I watched about 30 minutes of this show before I couldn’t get past the whole part about the kittens and I had to jump on Google and understand what in the world I was watching. I didn’t know where the show was going and from the very misleading title, I thought it would be a show about how much the internet loved its cat videos.  Not about how a guy used the internet to show how he killed and tortured animals and then turned his cruelty into showcasing a murder for the world to see…on the internet.

The guy featured in this story, Luka Magnotta, is a pretty twisted individual. But, here’s where it gets back to why I was writing this.

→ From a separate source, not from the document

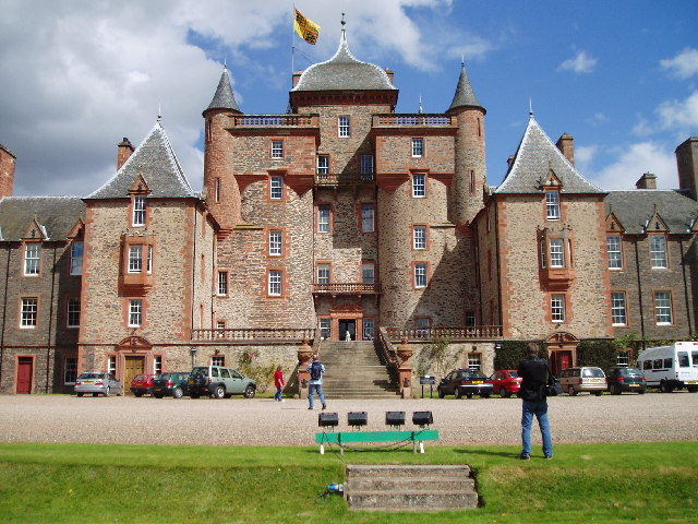 Thirlestane Castle. One of the most beautiful castles in the country, Built as a tower house originally around 1590 it was substantially altered around 1840 by Sir David Bryce when the central tower was added to and two new wings were added. A major restoration was started in the 1970's and in 1984 the castle was passed into the hands of a Charitable Trust which was then endowed by the National Heritage Memorial Fund. This partnership between the Public and private sector has since become known as the Thirlestane Formula and has been put into practice at many historic houses throughout Britain.
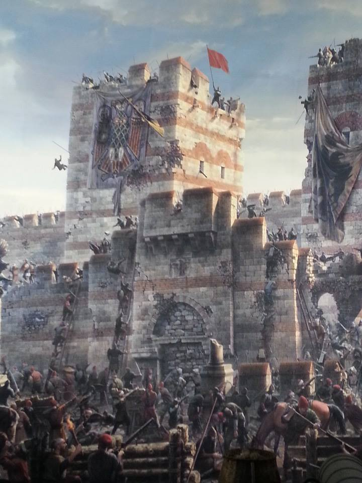 A 3D Wall Painting From Panorama 1453 History Museum, showing the Final Ottoman Assault on Constantinople. Ulubatlı Hasan aapears on the top of the tower fixing the Ottoman Banner.

What Luka did was use social media to change who he was.  Editing photos, pretending to be someone else, living in someone else’s life to portray an image of himself he wanted people to believe.  However wonk in the head this guy is (though he claims to have no mental illness), I can assure you, he’s not been wired properly.  While his story is fascinating (in a brain study kind of way), it reminds me as a parent that our children are our greatest responsibility to protect.  To shepherd them from the dangers of social media and to teach them that the seedy underbelly of the internet has a reach that is far and wide as much as it is dark and deceptive.

Listen, here’s the truth.

One day, robots are going to be doing so much more than we ever anticipated.

Cars come with self driving abilities now.

Shuttles can be completely man-free.

Uber is so close to air ridesharing.

Nasa is going to Mars.

Technology is the way of the future.  Even out in our country life where my husband I like to live life a little slower, we recognize that the world around is shaped by chips and circuit boards and is programmed so that robots can do the mundane tasks for us.  First it was the vacuum cleaner, now it’s the lawnmower. 

Sloane Ryan wrote a great article about the things she learned when she posed as an 11 year old girl online.

It’s frightening.

But, where I disagree with most of the parents who share this article is that we aren’t going to shield our children from technology.  Our children will have phones.  They will have Facebook accounts (when they are much, much, much older).  They will have access to technology to include computers and gaming devices.  And with each area where we start to see gray introduced, we stop the conversation, we turn to the Bible, we pray over our kids and we try to protect them.  We teach them God’s way.  We teach them the importance of the word “No” and we teach them to respect that word when others say it.  We teach our children to respect technology and to use it to build a world that God would be pleased with.  We use it as a platform to show His love for His children, never to hurt them.

It’s a scary world out there.

Many of you will disagree.  Many of you will silently agree and be afraid to share this because of the judgment you will face when you say something that isn’t in line with the others you do life with.  And that’s okay.  My point isn’t to try and guilt you into that.  My point is to show you the importance of tech, the dangers of it, and how important it is to protect yourself from the enemy around the corner.  We can’t shelter our children forever.  We must prepare them.  The world beyond our home and our church is filled with dark shadows in every corner.  Prepare them now.  And teach them what is right.

I love you all – and I’m forever praying for the protection and guidance of our next generation!